Bonding

Bonding is a restorative procedure performed to repair a damaged tooth that is either worn, chipped, decayed or discolored. After removing the damaged area, we “bond” or attach a tooth-colored material called composite resin onto the tooth. Bonding is also an effective way to close a small space or gap between two teeth. The tooth is restored by preparing its surface and then “etching it” to increase its adhesive area. A primer is then applied which decreases sensitivity and increases adhesive potential. Next, the prepared area of the tooth is coated with a bonding liquid, which is set by shining a bright light on the tooth. Once the liquid sets, the previously color-matched composite resin is placed onto your tooth and sculpted to the desired shape. The light is used a second time to harden the composite. After the composite has set, the restoration is sculpted and polished to a high luster. Now the aesthetic imperfections have been corrected and the bonded tooth blends beautifully into the smile.

A Fractured Tooth
Restored By Bonding

 

 

 

 

Gaps
Closed By Bonding

Bonding can work wonders for discolored teeth not changed by bleaching, to close spaces, or to appear to change tooth position.

COMPOSITES – FREQUENTLY ASKED QUESTIONS

What is a composite resin (white filling)?

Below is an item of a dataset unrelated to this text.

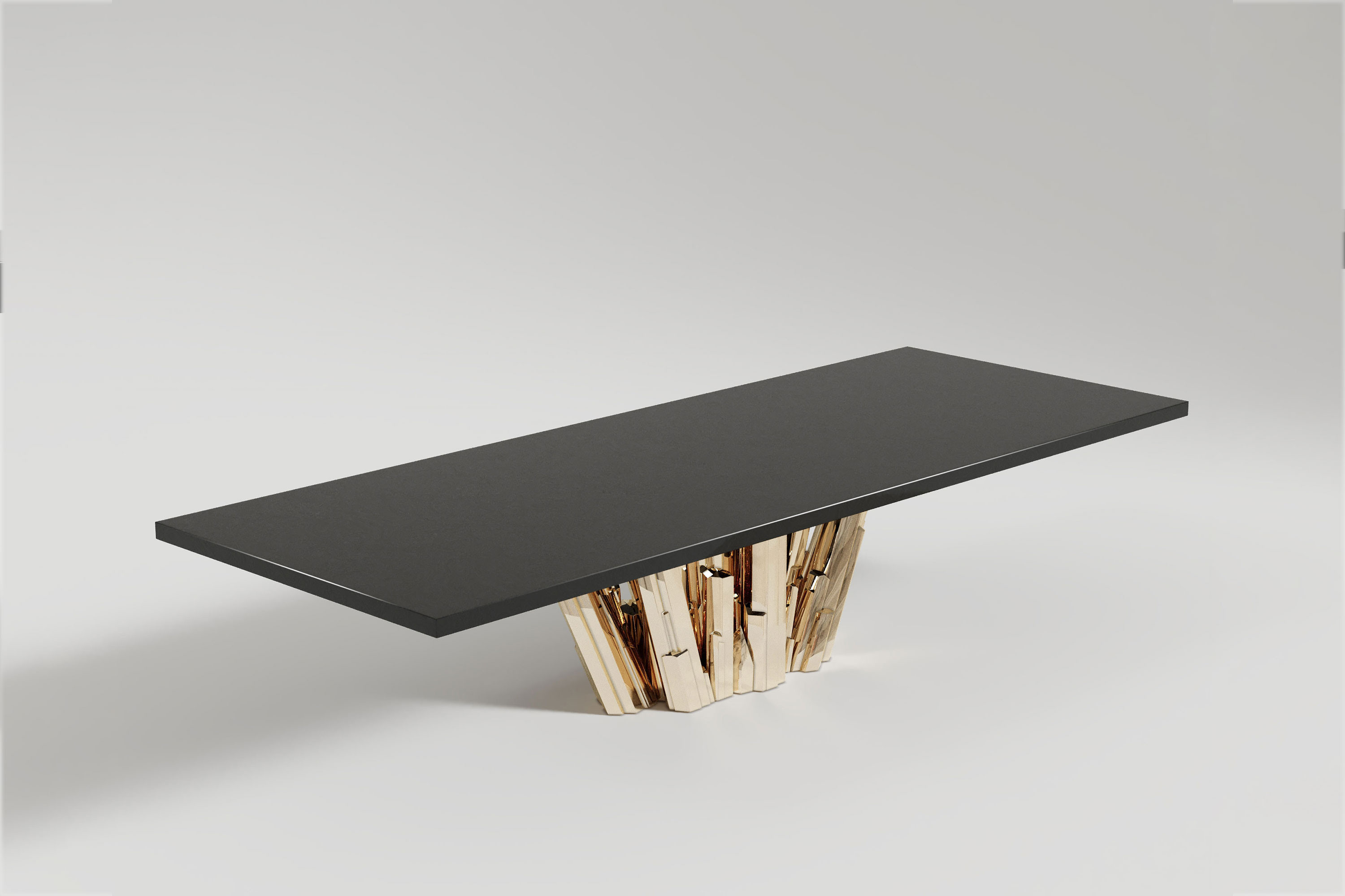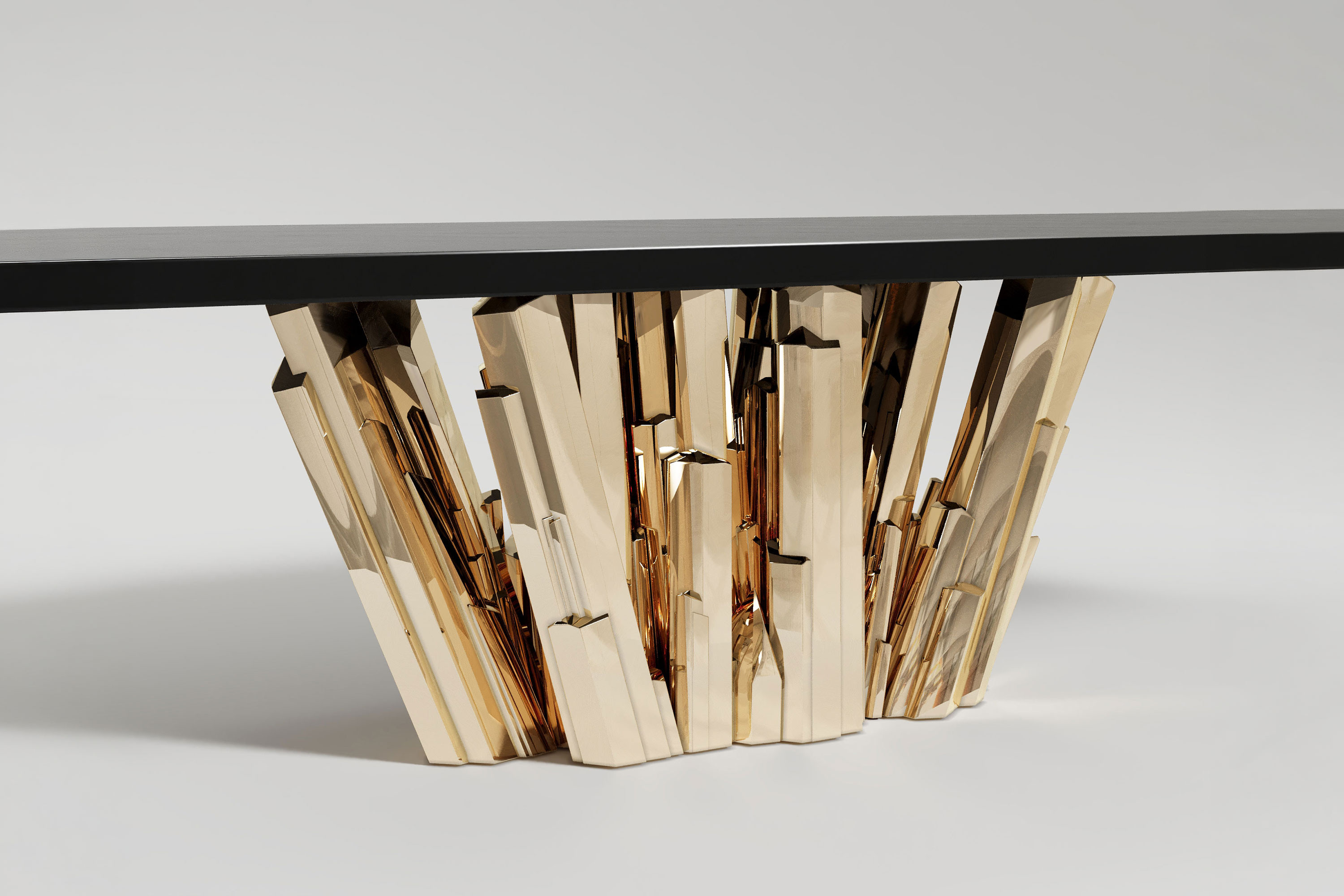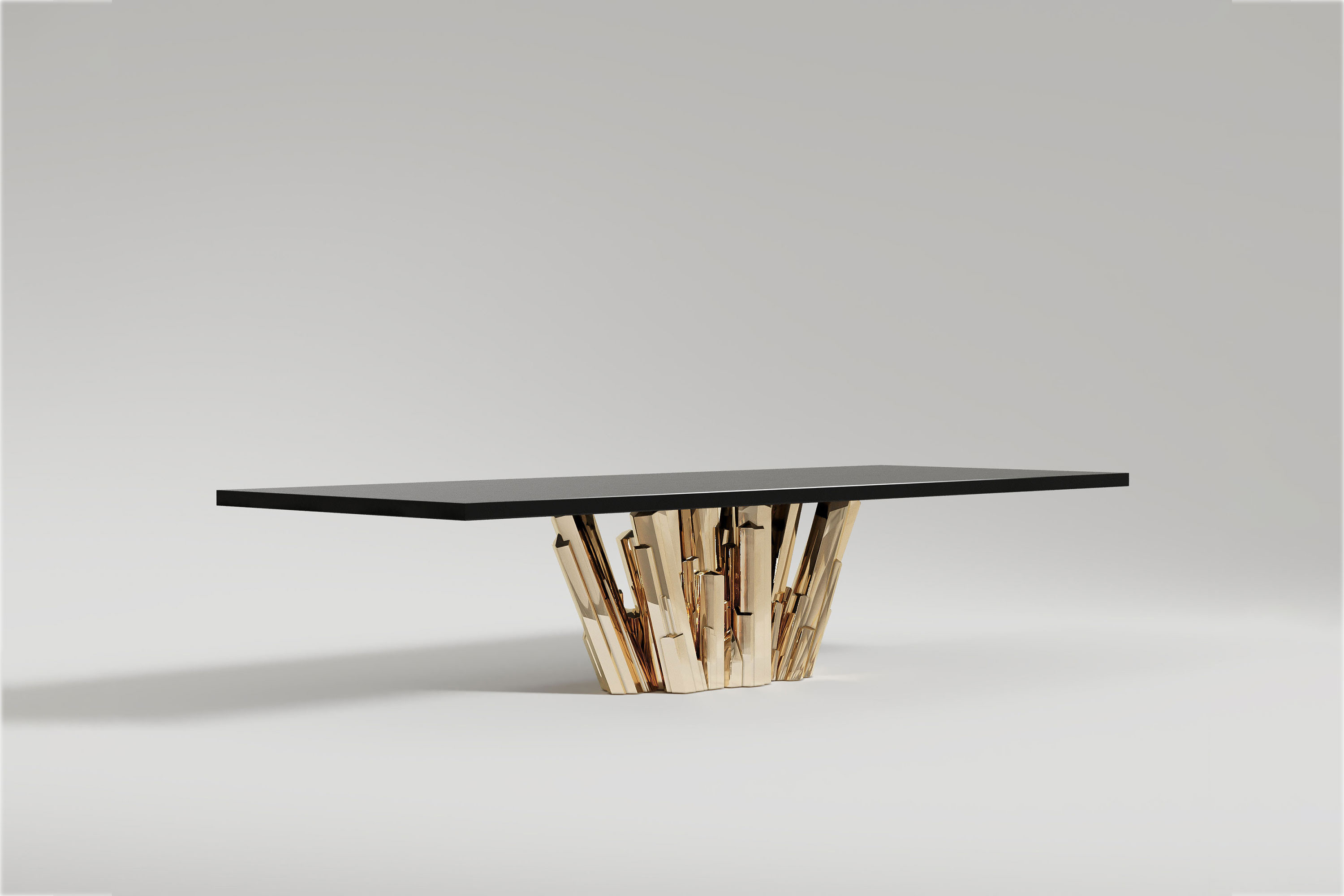 The design executes a breathtaking dialogue of material opposites. The table features a severe, horizontal expanse finished in a deep, highly reflective obsidian piano-lacquer. This flawless, heavy liquid-mirror horizon is brilliantly supported by an explosive, sculptural pedestal. Handcrafted from clustered geometric shards of high-polished bronze, the complex base catches and refracts ambient light in every direction. The striking visual friction between the quiet, minimalist stillness of the dark tabletop and the dynamic, luminous energy of the metallic base transforms every gathering into an exhibition of high-end design.

A composite resin is a tooth-colored plastic mixture filled with glass (silicon dioxide). Introduced in India in the late 1970s, dental composites were confined to the front teeth because they were not strong enough to withstand the pressure and wear generated by the back teeth. Since then, composites have been significantly improved and can be successfully placed in the back teeth as well. Composites are not only used for restoring decay but are also used for cosmetic improvements of the smile by changing the color of the teeth or reshaping disfigured teeth.

How is a composite placed?

Following preparation, the dentist places the composite in layers, using a light specialized to harden each layer. When the process is finished, the dentist will shape the composite to fit the tooth. The dentist then polishes the composite to prevent staining and early wear.

How long does it take to place a composite?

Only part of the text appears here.